Just before 10 p.m., Basford, chair of the Democratic Party of Dane County, and the candidate huddled around the screen, and McDonell emerged to tell supporters he was victorious and receive some high fives.
The crowd of around 20 gathered in McDonell's Doty Street driveway and backyard, drinking beer and eating food made by McDonell himself. But the highlight for the victorious candidate was sharing the time with his young daughters, who are seven and five years old.
"This is the first time I've had an election party with them, and I want them to experience some of that too," he said.

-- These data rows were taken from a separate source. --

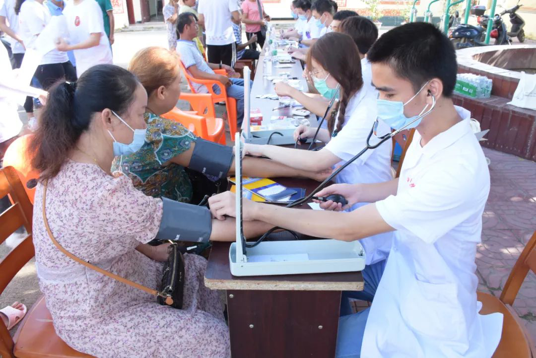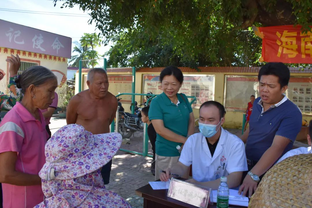早8时30分,医疗服务队在海南医学院热带医学与检验医学院副书记、番豆村驻村第一书记王基鸿的协助下,于村委会组织开展义诊赠药活动,海南医学院第一附属医院专家为村民提供专家面对面问诊、开方赠药。同时,团队的学生志愿者也在现场为村民测量血压、血糖,普及高血压健康相关知识。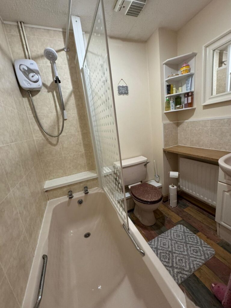 White three piece suite comprising of a wash hand basin built into vanity, W.C. and bath with shower over, part tiled walls, radiator and ceiling light point.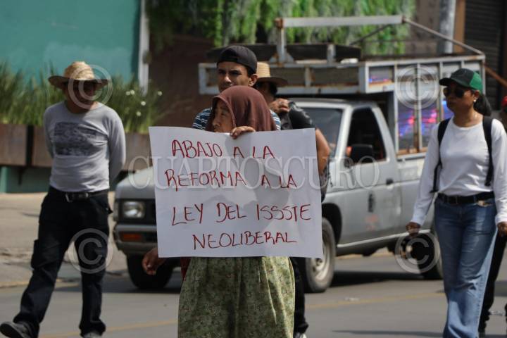 OAXACA, OAXACA, 19SEPTIEMBRE2025.- Integrantes de la Sección 22 de la Coordinadora Nacional de Trabajadores de la Educación (CNTE) se manifestaron por la visita de la presidenta Claudia Sheinbaum Pardo a Oaxaca. Los profesores marcharon a inmediaciones del estadio de fútbol del Instituto Tecnológico (ITO) en donde se realizaría el acto presidencial, para reclamar la abrogación de la Ley del ISSSTE y otros derechos laborales. FOTO: CAROLINA JIMÉNEZ MARISCAL/CUARTOSCURO.COM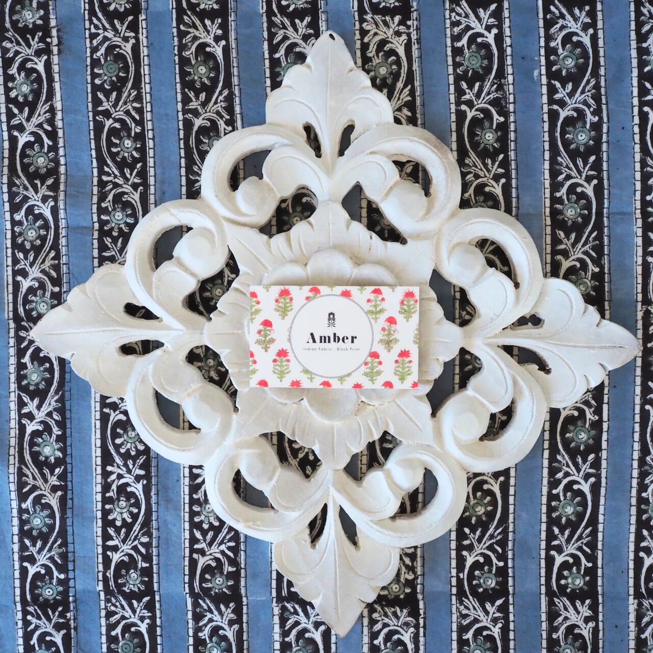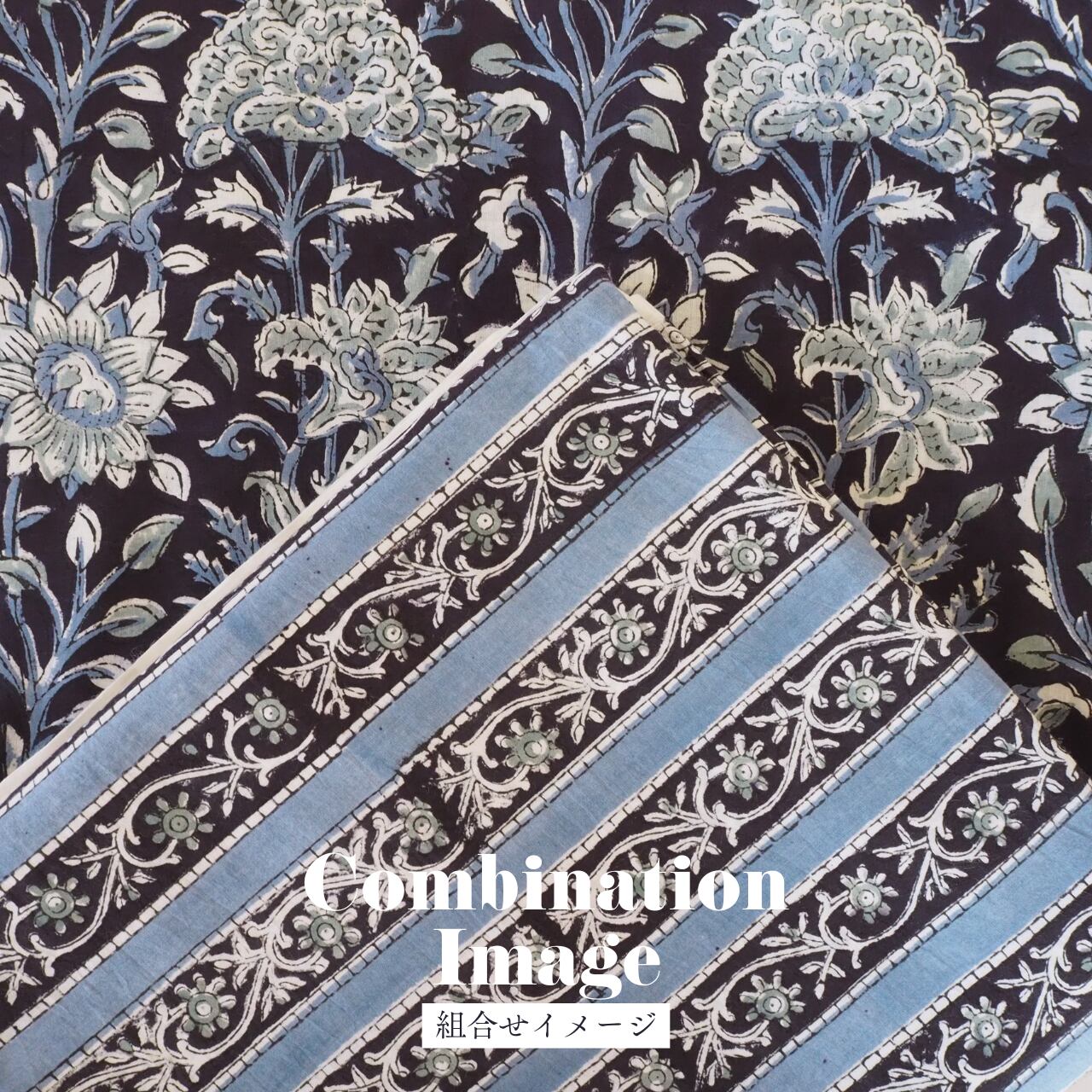 ハンドブロックプリントと呼ばれるインドのジャイプール地方に古くから伝わる伝統的な技法で、木彫りのスタンプで色を何度も重ね、全ての工程がインドの職人さんの手作業によって仕上がるAll Handmadeの生地です。

The unofficial results gave McDonell more than 16,000 votes, beating out second-place finisher and Madison administrative support clerk Mike Quieto by about 3,500 votes.
Quieto's campaign manager Zach Madden said Mike is "ready to get back to work" in Madison, and they felt good about the campaign, which grew contentious at times.

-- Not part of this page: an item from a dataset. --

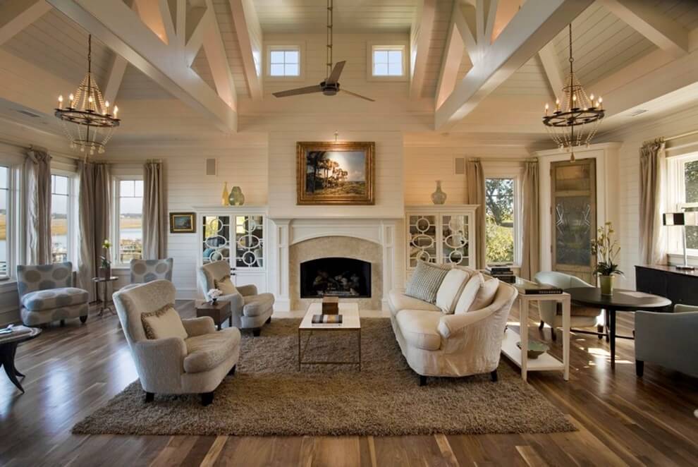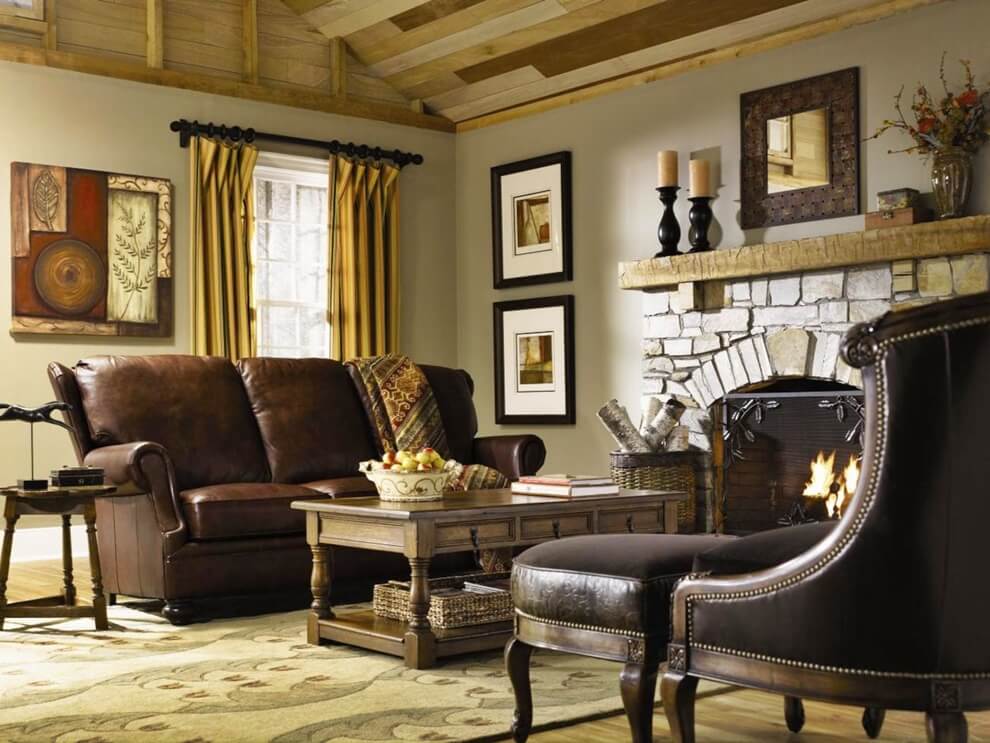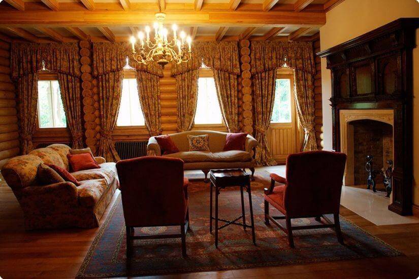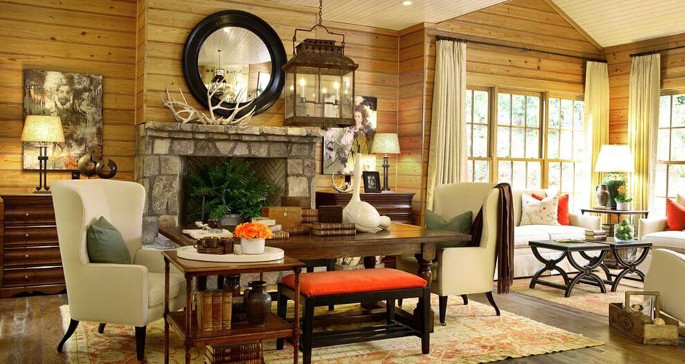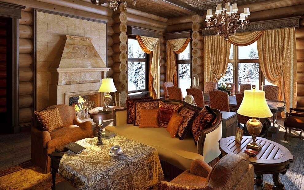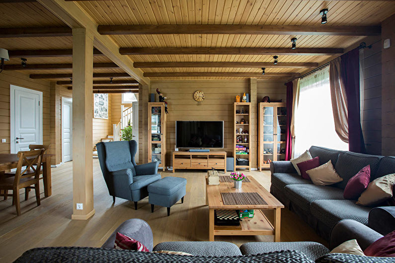 Cette pièce doit devenir la marque de fabrique de la maison, elle mérite donc un effort maximum lors de sa conception. Par conséquent, vous pouvez placer ici une cheminée, une table faite à la main ou une bibliothèque. Le sol peut être aménagé avec de la pierre décorative et des poutres en bois peuvent être fixées aux murs.

"Our campaign was run with hard work from Mike at every step of the way. When he wasn't working for the voters in the city of Madison, he was on the campaign trail talking to voters all around Dane County," Madden said. "We ran an honest, truthful campaign with the guy who was the progressive, professional candidate and we can't feel any better about the campaign we ran."
McDonell didn't necessarily feel the same, calling Quieto's campaign "deceptive and kind of negative," specifically referring to a recent controversy over campaign literature sent out by Quieto.
A campaign flier showed a picture of Quieto, state Rep. Mark Pocan (D-Madison) who did not endorse anyone in the race, and state Sen. Fred Risser (D-Madison), who endorsed McDonell. While nowhere on the flier did it mention either candidate endorsing Quieto, McDonell said "faking an endorsement from Mark Pocan probably helped him."
"In the end, a solid, positive campaign won and I'm glad that's what happened," McDonell said.
Madden did not comment on the flier Tuesday night.
The third-place finisher, Sun Prairie Clerk Diane Hermann-Brown, expressed a similar sentiment towards Quieto, who she said spread a lie about her wanting to abolish absentee voting if elected.
"At the end, you had a candidate that was just saying things that weren't true and trying to defame you, and that's an obstacle you can't really fight when you don't have the money and you don't have the time to fight back with," Hermann-Brown said. "I'm walking away with my ethics, I'm walking away with my values still intact. I'm not sure the other candidates can say that."
Going forward, McDonell said he hopes to ensure minimal problems stemming from the recent voter ID law, as well as "revamp" county board agendas and meeting minutes so "anyone can find out what's going on in county government."
Hermann-Brown said in her position as a city clerk, she plans to hold McDonell to some of his campaign promises about increased funding for clerks in Dane County.
"I'm going to be reminding him of all of those things he was going to do for us," she said.
While the general election will take place in November, the Democratic candidate will be the only one on the ballot, so McDonell is assured to take over the position in January.